Ich glaube viele wollen Reisen, um ihre Altlast los zu werden und merken unterwegs, das sie selbst das Problem sind und nicht die Umgebung.

Den wahren Frieden und echte Bestimmung, finden wir nur in uns selber, egal wo wir sind. Aber dennoch finde ich, Reisen auf diesem Weg zu sich selber unglaublich bereichernd.

Der neue Input bringt mich näher zu mir und gibt mehr raum, um herauszufinden was ich wirklich im leben möchte, wie ich meine Bestimmung leben kann.

Schön, dass wir uns gegenseitig mit neuen Denkanstössen bereichern können, das sollte doch das Ziel von Steemit und ganz generell von einer Freundschaft sein, oder? :)

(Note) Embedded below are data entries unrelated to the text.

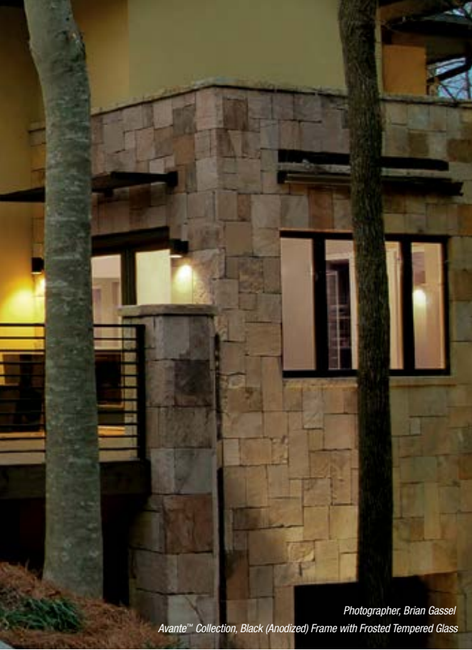
Avante™ Collection, Black (Anodized) Frame with Frosted Tempered Glass
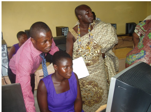
DAP PROVIDED THE AXIM GIRLS SENIOR HIGH SCHOOL WITH AN ICT LABORATORY.

DAP funding is available to non-government organisations and groups working
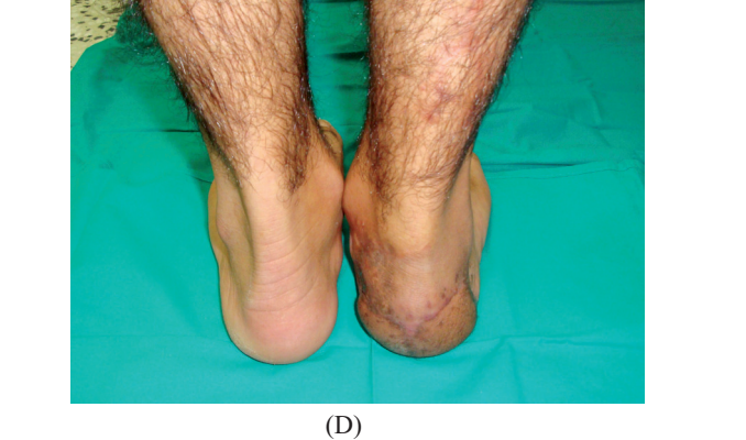
Fig. (2): A, Right heel ulcer following trauma to the foot and heel skin necrosis. B, After wound excision. C, The flap is rotated 180 degrees to cover the heel. D, 10 months postoperative with good functional and aesthetic outcome.
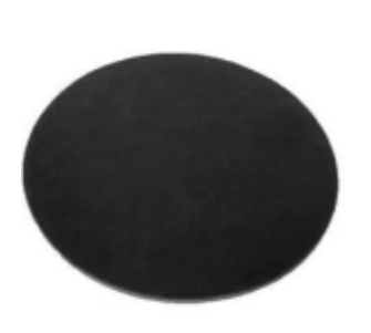
RAM-202U-1525 RAM BASE 1.5" X 2.5" WITH 1 1/2" BALL
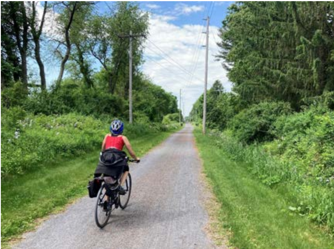
Above: the AHET trail in North Chatham has a compacted stonedust surface.

The Albany-Hudson Electric Trail section in the hamlet of North Chatham is a 10-foot wide trail with a compacted stonedust surface. While it draws local users from the community of North Chatham, most visitors access the trail from the trailhead parking area on Depot Street, or bicycle down the trail from the Village of Nassau (to the north) or Niverville and Kinderhook (to the south).
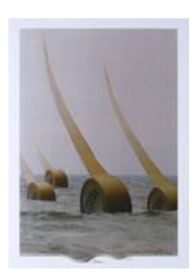
KOZUE TAKECHI [Japan] At Sea
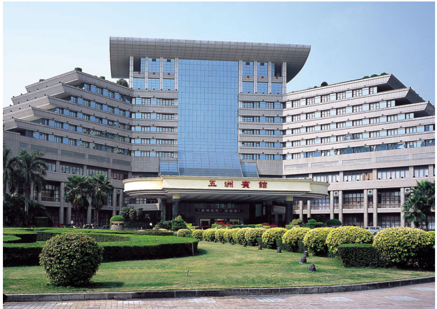
Shenzhen Wuzhou Guest House

As the initiator of the proposal, the first World CIO Forum will be held in China. Authorized by IFIP executive committee, the Chinese Institute of Electronics will organize this forum. The proposal of World CIO Forum is also approved by IFIP members, the Ministry of Industry and Information Technology of People's Republic of China, State-owned Assets Supervision and Administration Commission of the State Council of the People's Republic of China, Ministry of Commerce of the People's Republic of China, Ministry of Science and Technology of the People's Republic of China. China Science and Technology Association and People's government of Shenzhen.
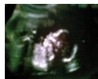
16 week scan 1
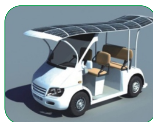
Travel Tourism Car
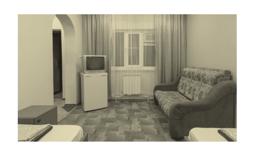
Our HomeLight Program provides fully furnished apartments, community and computer rooms, recreational areas, a library, plus a large outdoor playground and basketball court.

During the 2018-2019 fiscal year, our HomeLight program helped 57 families, served 35 children with programs and summer camp experiences, and found jobs for 19 people.
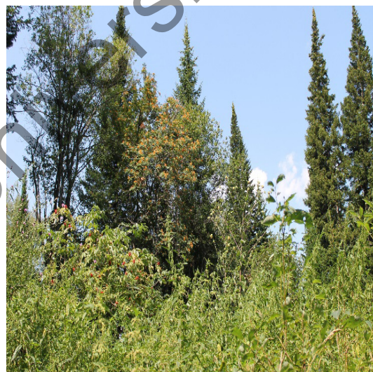
Figure 2. Fragment of the Rosa acicularis phytocenosis

Rosehip bushes are from 0.1 m to 2.2 m high. The bushes are in excellent condition, the maximum shoot-forming capacity is 4-5 zero shoots. The following differences have been established in the size of the hypanthia: length from 2.2 cm to 2.7 cm, width from 1.1 cm to 1.6 cm, weight from 0.97 to 2.26 g.
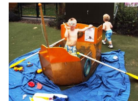
Fun in the boat and snorkelling
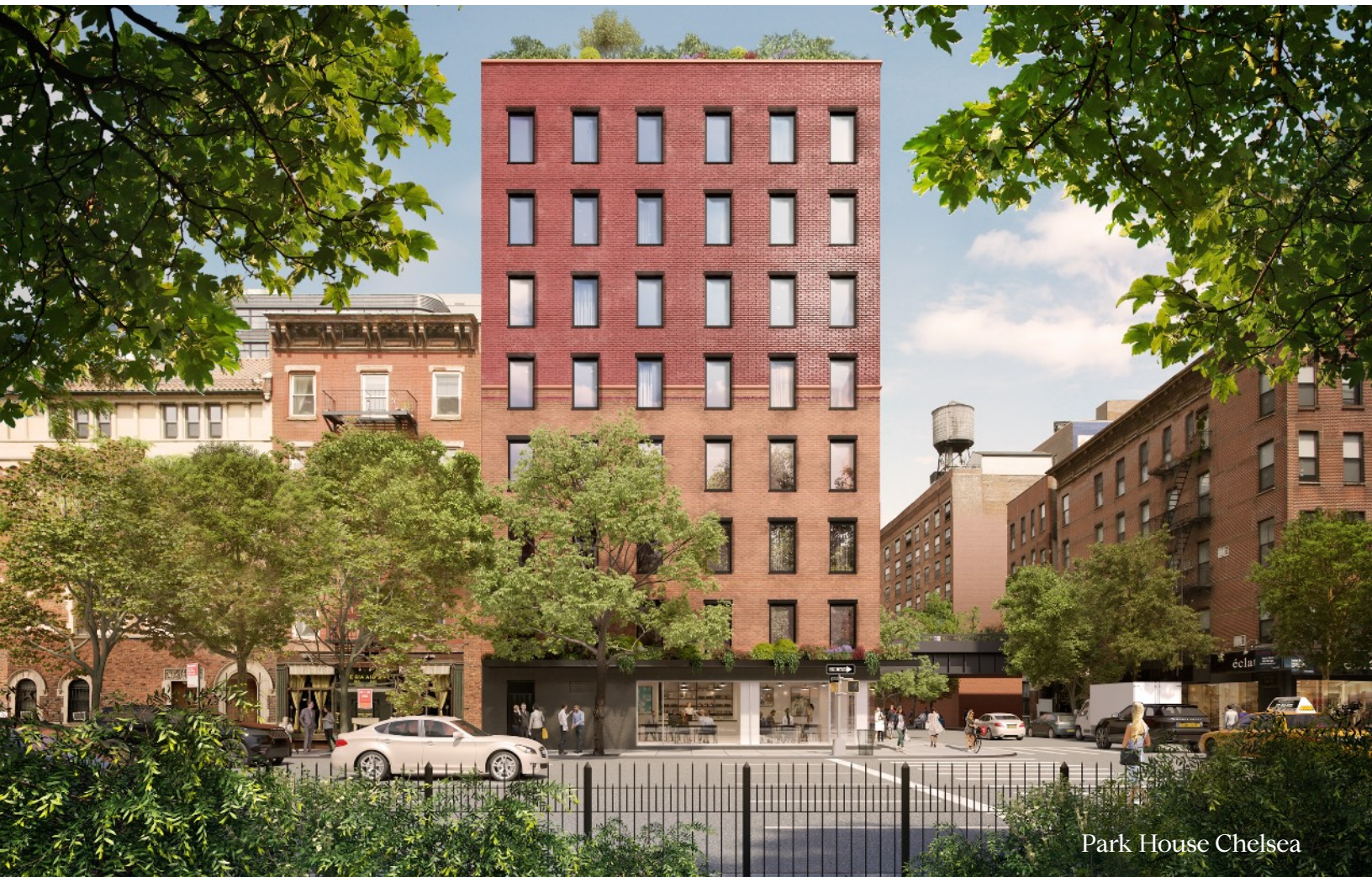
Park House Chelsea

As New York City begins to look more and more like NEW YORK CITY as each day passes, with the impact of mass vaccinations becoming visibly impactful, there is a new pool of buyers emerging in the city: the SUBURBAN buyer. 2020 was a year of the GREAT UNLOCKING, a time when trends, natural shifts and evolution resumed after several years of being in a 'semi-freeze-mode'. Baby-boomers whose kids were grown up and moved on to college had virtually no audience for their large suburban homes after the devastating SALT tax deduction limit of 2017. But 2020 changed all that. Those who left the city a decade-plus ago, are now returning, or buying a pied-a-terre in the city as well as other places. The one common theme I hear from all these buyers from new Jersey, Connecticut and Westchester? "We want the excitement and hustle and bustle of the CITY!"

Ja, das mit der Altlast kann ich so unterschreiben. Das Tolle daran ist, dass man sich durch diesen Bewusstwerdungsprozess, der in Richtung Selbstverantwortung strebt, schlussendlich wirklich von vielem befreien kann.

lg noël

Das ist im Leben immer so. Egal wo man hin geht, selbst wenn man auswandert, man nimmt sich immer selber mit. Orientierung ist dabei das allumspannende Wort. Ich bin schon ein etwas älteres Semester und stelle in meinen Beobachtungen fest, das es in unserer heutigen Zeit meistens an Orientierung mangelt. Viele Wissen nicht was und wohin sie wollen. Die Zeit des Suchens wird immer länger und die Handlung immer weniger. Ob es eine Bestimmung gibt, möchte ich weder bejahen noch verneinen. Wer Orientierung hat, stellt sich selten diese Frage. Wir stehen uns auch meistens selbst im Weg. Umstände zwingen uns anscheinend permanent Qualifikationszettel nachzulaufen (ich weiß wovon ich spreche) und zu erwerben. Ob wir deshalb auch qualifiziert sind steht auf einem ganz anderen Blatt. Freiheit, was auch immer jeder einzelne darunter versteht, wird einem nicht geschenkt. Es liegt an den vielen Gängelungen die unser Leben beeinflussen. Es wäre daher viel besser mehr Angebote zu machen, die man annehmen oder auch ablehnen kann, als Gebote. Verbote braucht jede Gesellschaftsform aber Gebote braucht niemand. Angebote befördern die Freiheit, die Freiheit selbst über die Angebote nachzudenken und sie anzunehmen oder bei Nichtgefallen abzulehnen.